# Exercise objective
What follows is a set of records. Retype them exactly, leaving out the pictures.

Dataset items
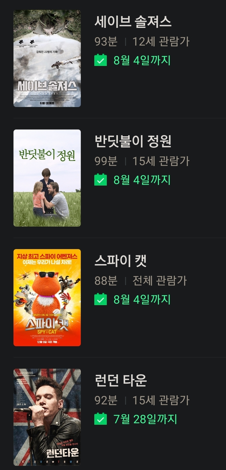 | (네이버시리즈온 무료영화) 운디네, 그리고 우린 춤을 추었다, 우리는 그곳에 있었다, 리클레임, 스파이 캣, 세이브 솔저스 등 (0) | 2022.07.29 |
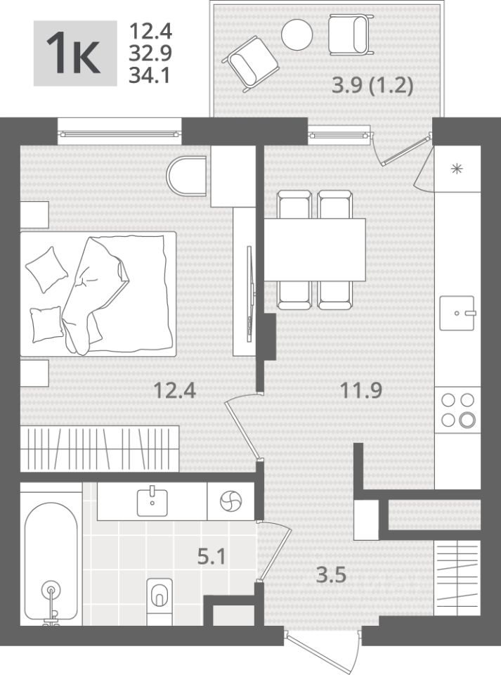 Продаётся 1-комнатная квартира в строящемся доме (Дом 1.1), срок сдачи: IV-кв. 2026, общей площадью 34.1 кв.м., на 6 этаже. Новый жилой комплекс ''МОре'' от Строительной компании ''Меркурий'' расположен по адресу: Калининградская область, г. Пионерский, пос. Рыбное.
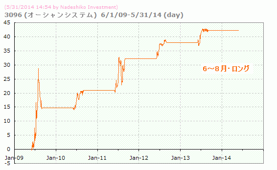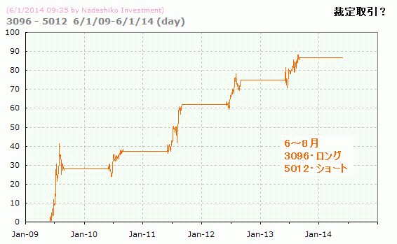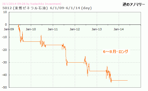アノマリー度は過去5年のデータから、月別に上げ下げ傾向の強弱を調べたものです。データは、2014年5月30日の引け時点のものです。月別のアノマリーが優待によるものか季節性によるものか、あるいは偶然なのか、は不明です。
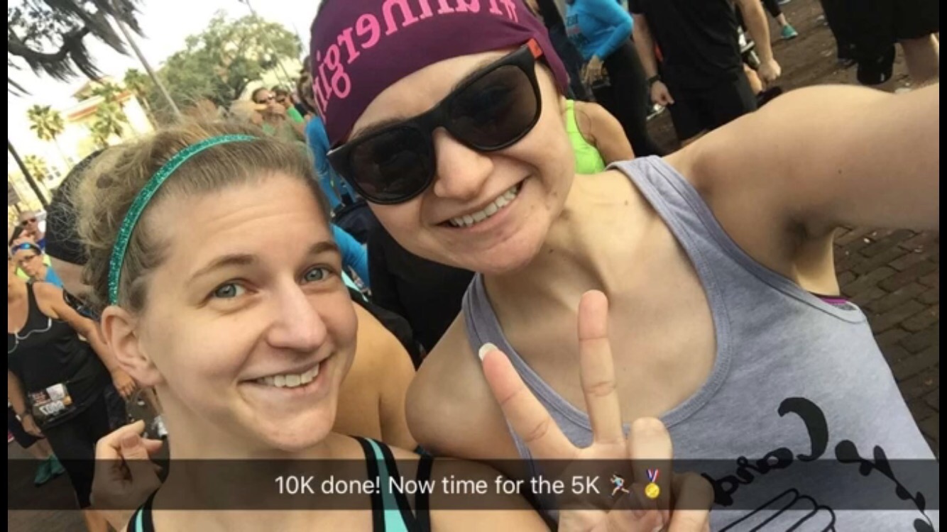 The 5K was just as crowded, and mostly likely more crowded than the 10K. Montana and I were able to make our way in deeper in the crowd, closer to the start line than we were able to for the 5K. Soon enough we were on our way! If there is one thing than annoys me more about the race is the number of walkers who start at the very beginning of the pack. I will be the last to judge you for walking a 5K, heck I walk with intervals when I am running. However when it comes to a race and there’s waves of runners who have to navigate around you, please be courteous and start a little more towards the back, it’s common race etiquette 🙂
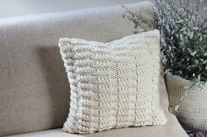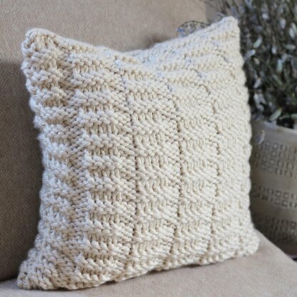 Dorina pillow cover is knit up in super chunky yarn in textured pattern. Simply adorable! Provides instructions on how to make these cushions in both sizes - 16x16’’ and 18x18’’. Zip fastening.
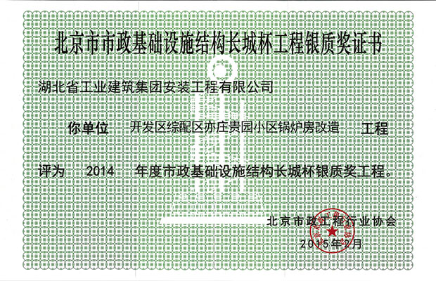 公司2014年度在北京市開(kāi)發(fā)區(qū)綜配區(qū)亦莊貴園小區(qū)的鍋爐房改造工程,于2015年2月被北京市政工程行業(yè)協(xié)會(huì)授予北京市市政基礎(chǔ)設(shè)施竣工長(zhǎng)城杯工程銀質(zhì)獎(jiǎng)。
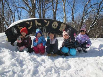 冬の国立立山青少年自然の家へ行ってきました。雪がたくさん積もっている立山へ行くことが初めてだった子供たちは、積雪量に圧倒され、目が真ん丸でしたよ。年中組の春に行ったときには、大きく高く見えたトントンの森の看板がすっぽり雪に埋もれていました。「トンネルみたいになってる!」「立ってみると、看板より大きくなった」と、大興奮の子供たちでした。野生のうさぎの足跡を見付けときには「(うさぎの足跡に沿って)進んでいったら会えるかな」と、目をキラキラにする姿も見られました。
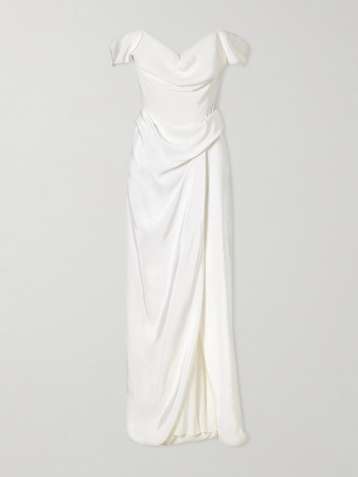 Nova Cocotte off-the-shoulder draped silk-crepe gown
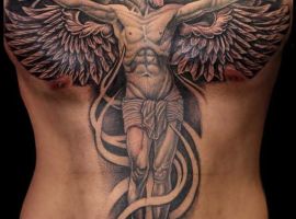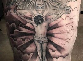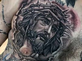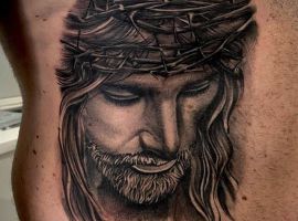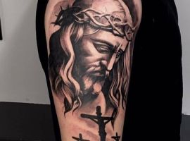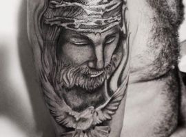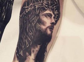 - Изображение Христа. Конечно, эта татуировка говорит об истинной вере человека. Основные ее значения будут связаны с самоотверженностью, жертвенностью, отсутствием эгоистичных порывов. Другое значение – это искупление грехов человека. Возможно, человек, выбирая несмывающиеся изображения Христа, хочет рассказать о том, что он до конца своих дней будет сожалеть о некоторых поступках.
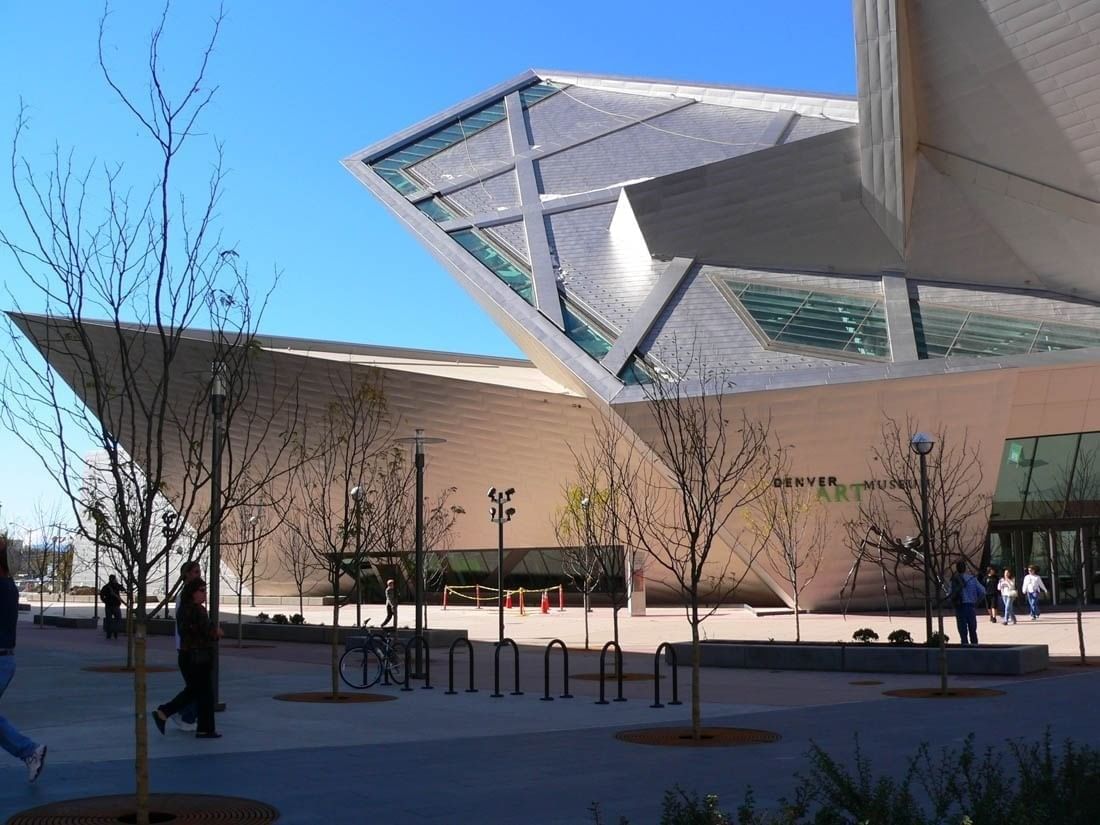 Denver Art Museum exterior with geometric panels by bare trees under a blue sky near Warwick Denver Plus Icon
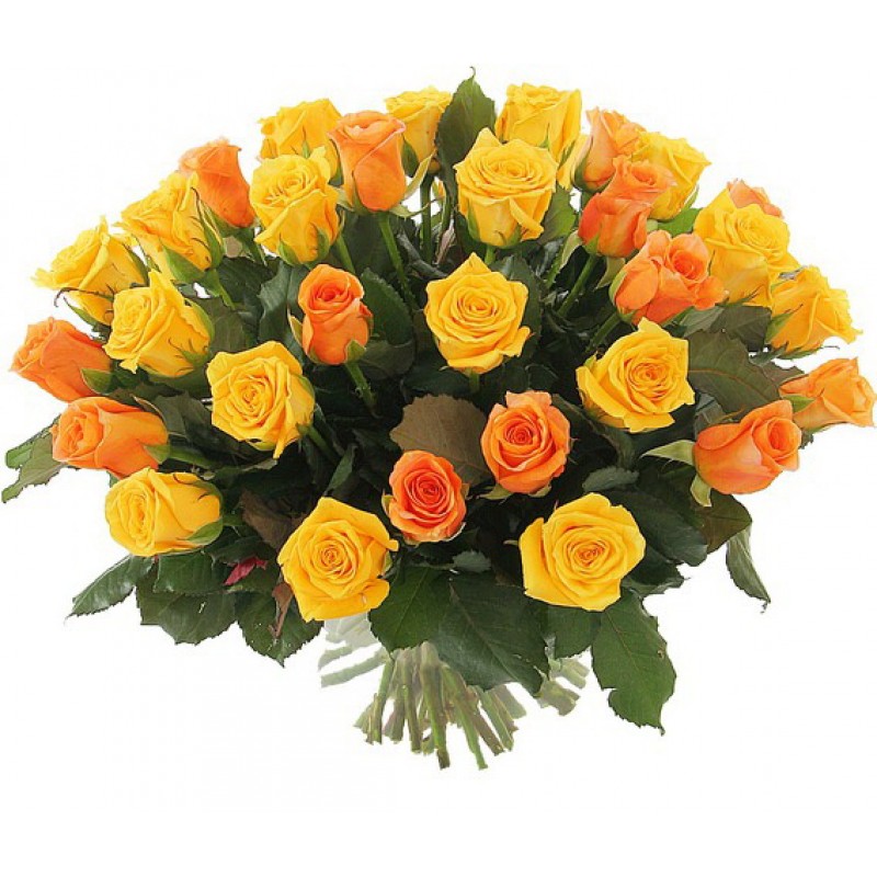 Букет состоит из 16 коралловых роз, 15 желтых роз, прозрачная упаковка, атласная лента.
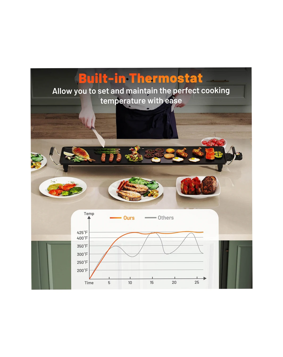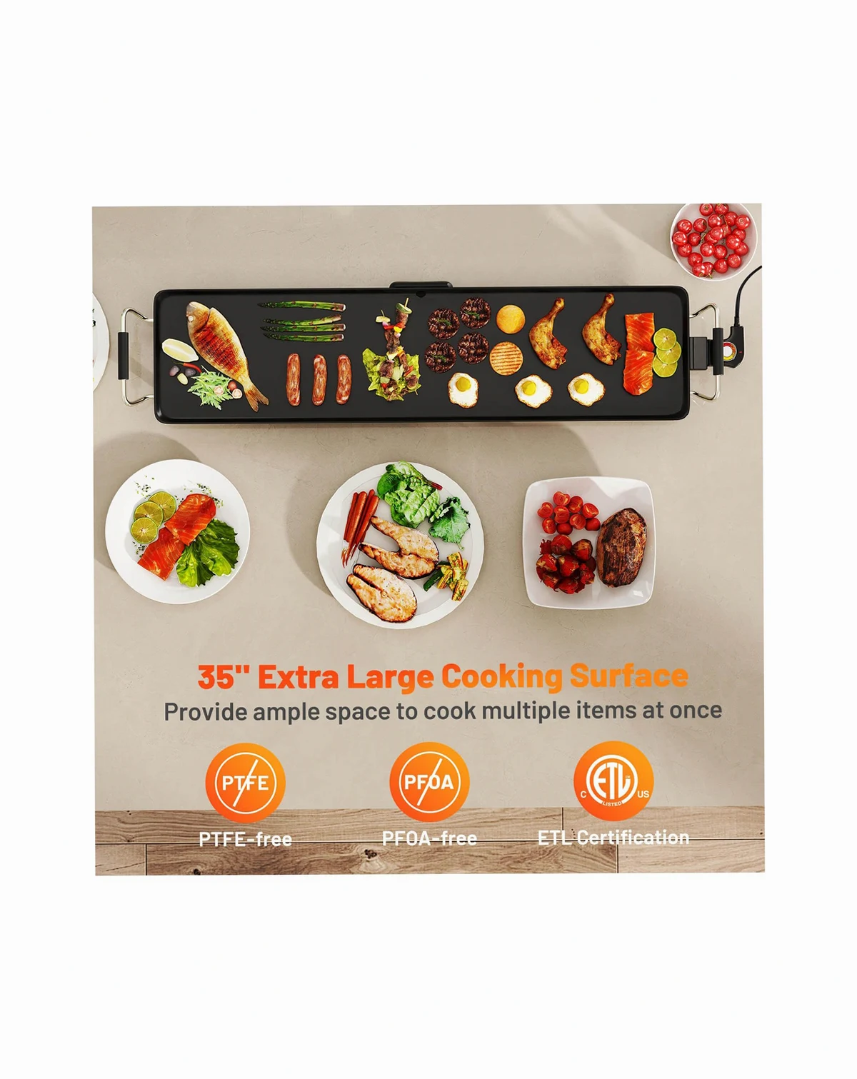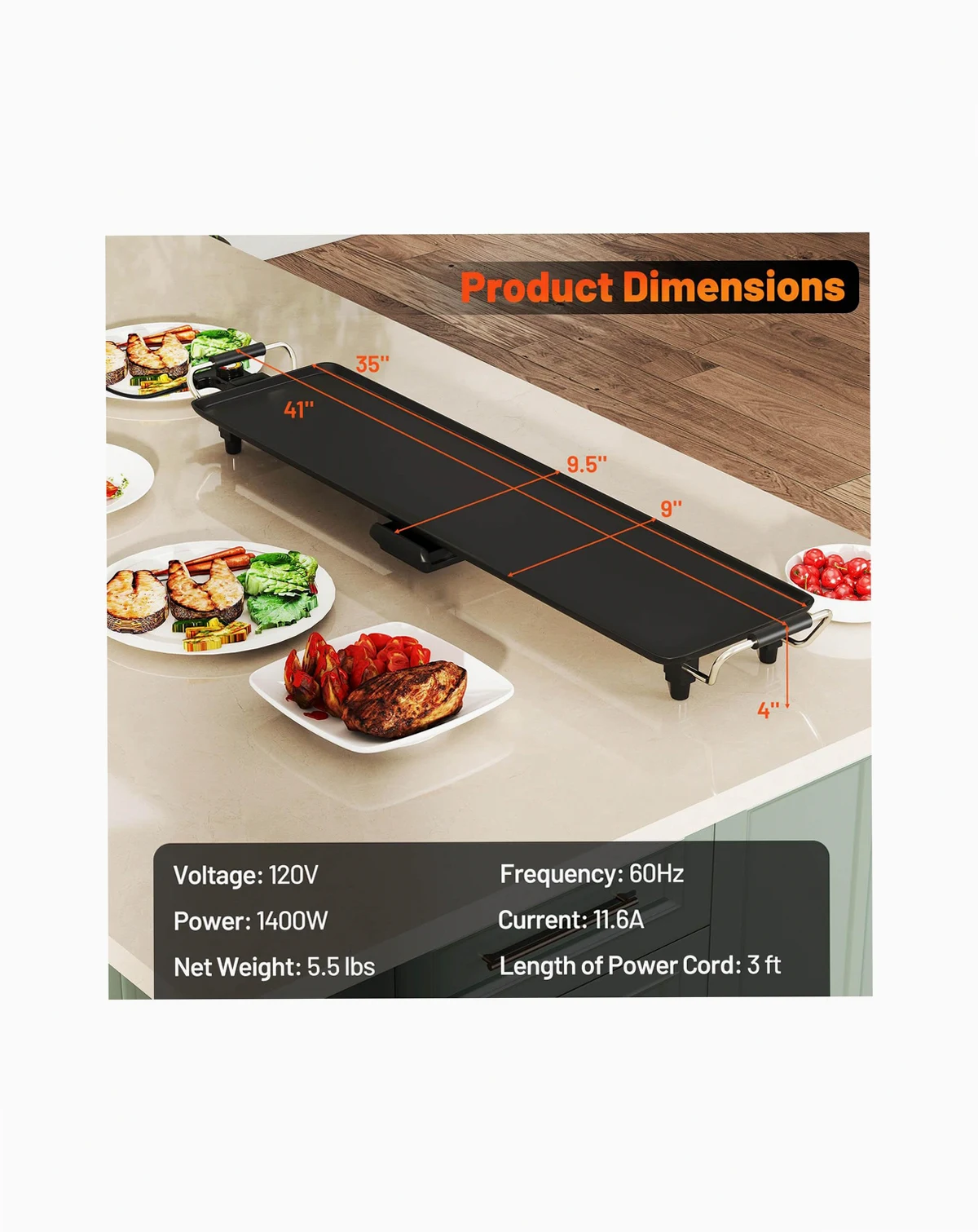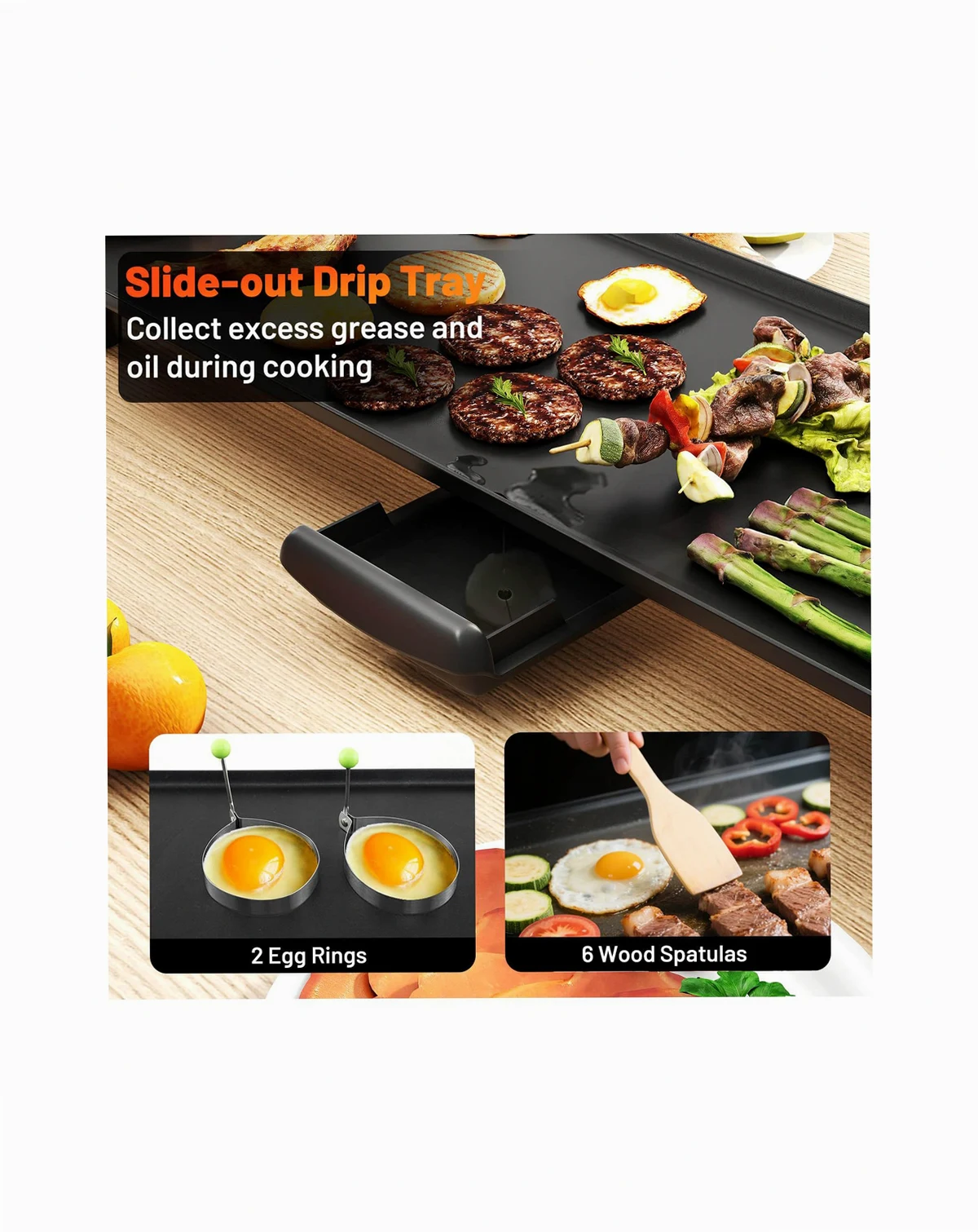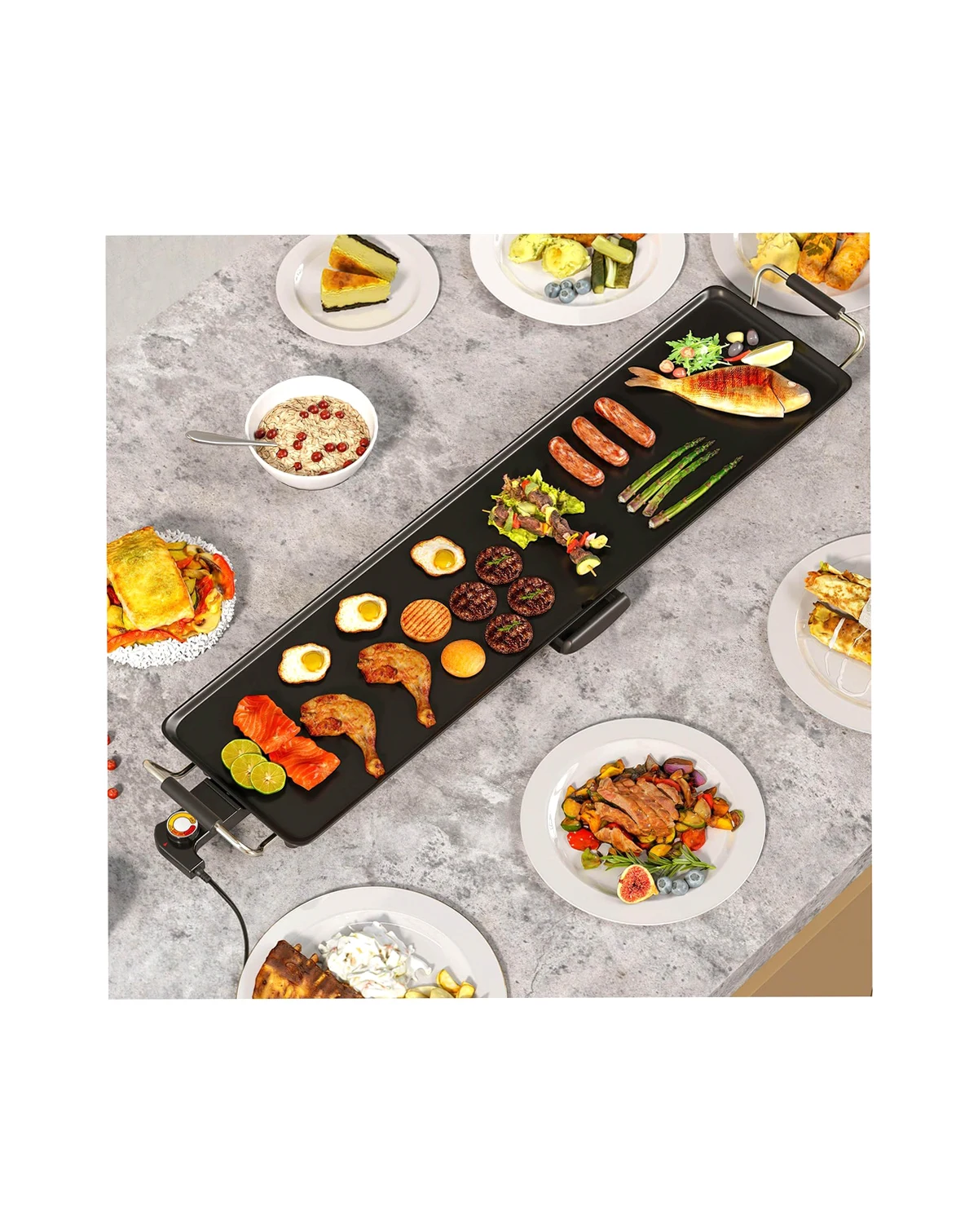 Upgrade your cooking game with this extra large electric griddle! The 35" x 9" cooking surface allows you to serve 8-10 people at once, making it perfect for family gatherings. With 4 customizable temperature settings, you can easily achieve the perfect sear on your burgers, crispy bacon, or fluffy pancakes. The nonstick surface and pull-out drip tray ensure effortless cooking and hassle-free cleaning. Thoughtfully crafted details such as an anti-scalding handle and non-slip foot pads provide you with added convenience. Portable and stable, this electric BBQ grill is perfect for both indoor use. Don't settle for ordinary - elevate your cooking experience with our stamping aluminum electric griddle today!

# Exercise solution
 | (네이버시리즈온 무료영화) 운디네, 그리고 우린 춤을 추었다, 우리는 그곳에 있었다, 리클레임, 스파이 캣, 세이브 솔저스 등 (0) | 2022.07.29 |
 Продаётся 1-комнатная квартира в строящемся доме (Дом 1.1), срок сдачи: IV-кв. 2026, общей площадью 34.1 кв.м., на 6 этаже. Новый жилой комплекс ''МОре'' от Строительной компании ''Меркурий'' расположен по адресу: Калининградская область, г. Пионерский, пос. Рыбное.
アノマリー度は過去5年のデータから、月別に上げ下げ傾向の強弱を調べたものです。データは、2014年5月30日の引け時点のものです。月別のアノマリーが優待によるものか季節性によるものか、あるいは偶然なのか、は不明です。
 The 5K was just as crowded, and mostly likely more crowded than the 10K. Montana and I were able to make our way in deeper in the crowd, closer to the start line than we were able to for the 5K. Soon enough we were on our way! If there is one thing than annoys me more about the race is the number of walkers who start at the very beginning of the pack. I will be the last to judge you for walking a 5K, heck I walk with intervals when I am running. However when it comes to a race and there’s waves of runners who have to navigate around you, please be courteous and start a little more towards the back, it’s common race etiquette 🙂
 Dorina pillow cover is knit up in super chunky yarn in textured pattern. Simply adorable! Provides instructions on how to make these cushions in both sizes - 16x16’’ and 18x18’’. Zip fastening.
 公司2014年度在北京市開(kāi)發(fā)區(qū)綜配區(qū)亦莊貴園小區(qū)的鍋爐房改造工程,于2015年2月被北京市政工程行業(yè)協(xié)會(huì)授予北京市市政基礎(chǔ)設(shè)施竣工長(zhǎng)城杯工程銀質(zhì)獎(jiǎng)。
 冬の国立立山青少年自然の家へ行ってきました。雪がたくさん積もっている立山へ行くことが初めてだった子供たちは、積雪量に圧倒され、目が真ん丸でしたよ。年中組の春に行ったときには、大きく高く見えたトントンの森の看板がすっぽり雪に埋もれていました。「トンネルみたいになってる!」「立ってみると、看板より大きくなった」と、大興奮の子供たちでした。野生のうさぎの足跡を見付けときには「(うさぎの足跡に沿って)進んでいったら会えるかな」と、目をキラキラにする姿も見られました。
 Nova Cocotte off-the-shoulder draped silk-crepe gown
 - Изображение Христа. Конечно, эта татуировка говорит об истинной вере человека. Основные ее значения будут связаны с самоотверженностью, жертвенностью, отсутствием эгоистичных порывов. Другое значение – это искупление грехов человека. Возможно, человек, выбирая несмывающиеся изображения Христа, хочет рассказать о том, что он до конца своих дней будет сожалеть о некоторых поступках.
 Denver Art Museum exterior with geometric panels by bare trees under a blue sky near Warwick Denver Plus Icon
 Букет состоит из 16 коралловых роз, 15 желтых роз, прозрачная упаковка, атласная лента.
 Upgrade your cooking game with this extra large electric griddle! The 35" x 9" cooking surface allows you to serve 8-10 people at once, making it perfect for family gatherings. With 4 customizable temperature settings, you can easily achieve the perfect sear on your burgers, crispy bacon, or fluffy pancakes. The nonstick surface and pull-out drip tray ensure effortless cooking and hassle-free cleaning. Thoughtfully crafted details such as an anti-scalding handle and non-slip foot pads provide you with added convenience. Portable and stable, this electric BBQ grill is perfect for both indoor use. Don't settle for ordinary - elevate your cooking experience with our stamping aluminum electric griddle today!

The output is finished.